Ideally, the SLI directly measures a service level of interest, but sometimes only a proxy is available because the desired measure may be hard to obtain or interpret. In our case, client-side latency is often the more user-relevant metric, but it might only be possible to measure latency at the server. Therefore Amount of time to service requests is the matrics that we do care, and we can get that value easily by just getting **Max** value of `sysdig_connection_net_request_time`(The number of average time to serve a network request.) And set up alert based on your SLI and SLO. Normally `lower bound` ≤ `SLI` ≤ `upper bound`.

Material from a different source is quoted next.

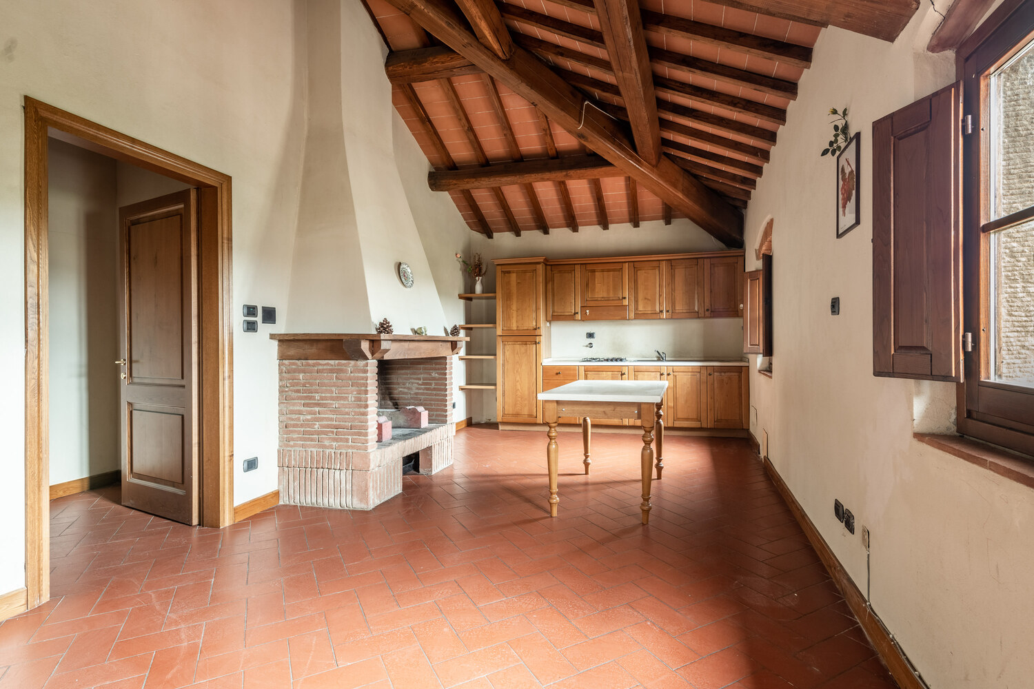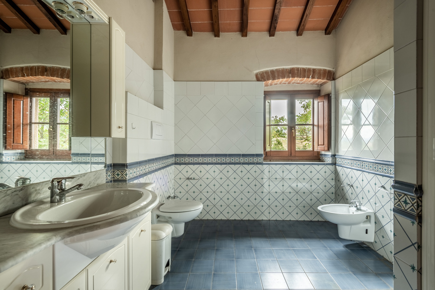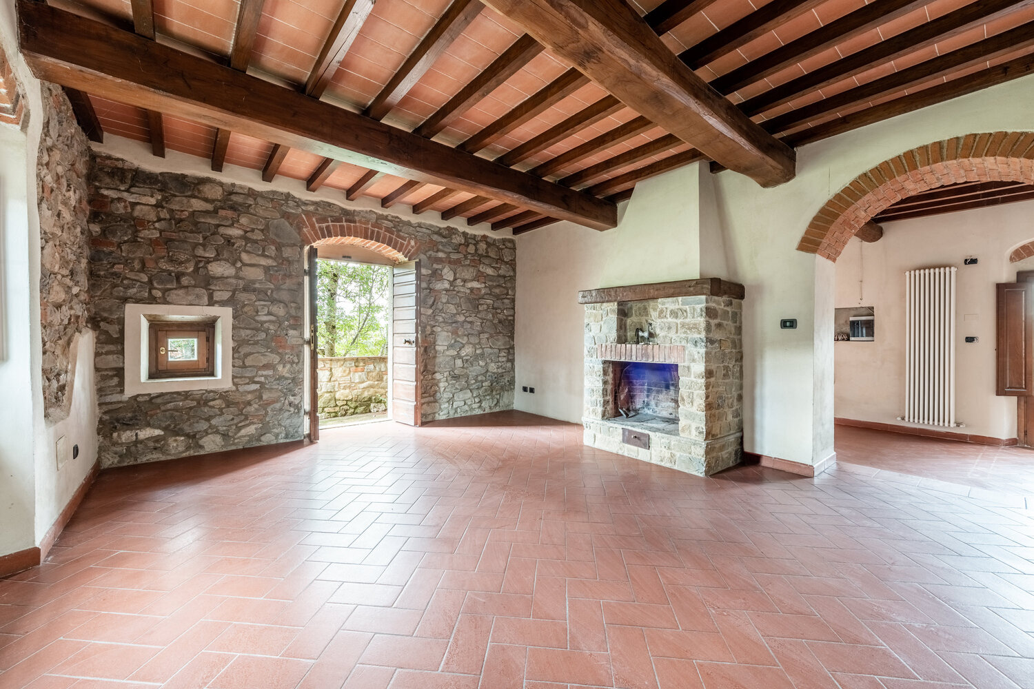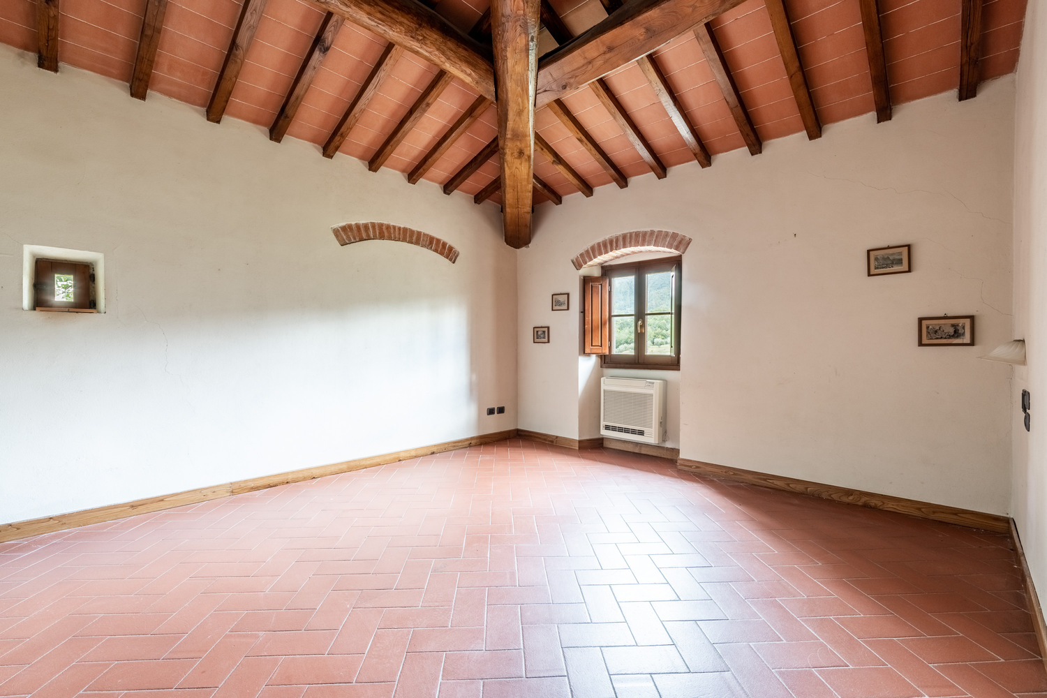 L’abitazione si completa con un loggiato, un ampio piazzale in pietra ed un bellissimo giardino. La casa colonica è stata completamente ristrutturata e sono state create cinque unità abitative: tre situate al piano terra con una, due e tre camere, relativi soggiorni, cucine e bagni ed infine due unità abitative al primo piano, con due e tre camere, due bagni ciascuna e relative cucine e soggiorni.

So for example, We do want to keep our response time within 3 seconds as our SLO upper boundary. We will set our sysdig_connection_net_request_time SLO at any request that takes longer than 5 sec to be served and will trigger a notification (increase more quota or refine algorithms ).

## Traffic Monitoring

It’s a good idea to add metrics or metric labels that allow the dashboards to break down served traffic by status code (unless the metrics your service uses for SLI purposes already include this information). Here are some recommendations:

* For HTTP traffic, monitor all response codes, even if they don’t provide enough signal for alerting, because some can be triggered by incorrect client behavior.
* If you apply rate limits or quota limits to your users, monitor aggregates of how many requests were denied due to lack of quota.

Therefore, we will build our monitoring on
* Number of HTTP Requests
```
Using sysdig_connection_net_request_count to monitor the The total number of network requests per second. Note, this value may exceed the sum of inbound and outbound requests, because this count includes requests over internal connections. So you might want to select explicitly to your application api pod with label.
```
* Number of Sessions :
```
Using sysdig_connection_net_connection_total_count to monitor the avg/max open session for the application
```
* Transactions Speed
```
Using sysdig_connection_net_total_bytes to monitor the upload and download speed of the application.
```


## Errors:

We need monitor the rate of errors happening across the entire system but also at the individual service level. Whether those errors are based on manually defined logic or they’re explicit errors such as failed HTTP requests, as long as we can detect them early, we can then better meet our SLO and reduce application down time.

Rate of Failed Requests is very important, The number of errors encountered by network system calls, such as connect(), send(), and recv() at specified time by using
```
sum(rate(sysdig_container_net_http_error_count))
```
If we see a high error number, we would be expecting that there may exist logic bug, or api/db connection error. We do want to achieve 99.95% availability, thus, if the rate is at 5%, Sysdig will need to send notifications.



It’s also important to define which errors are critical and which ones are less dangerous. This can help teams identify the true health of a service in the eyes of a customer and take rapid action to fix frequent errors.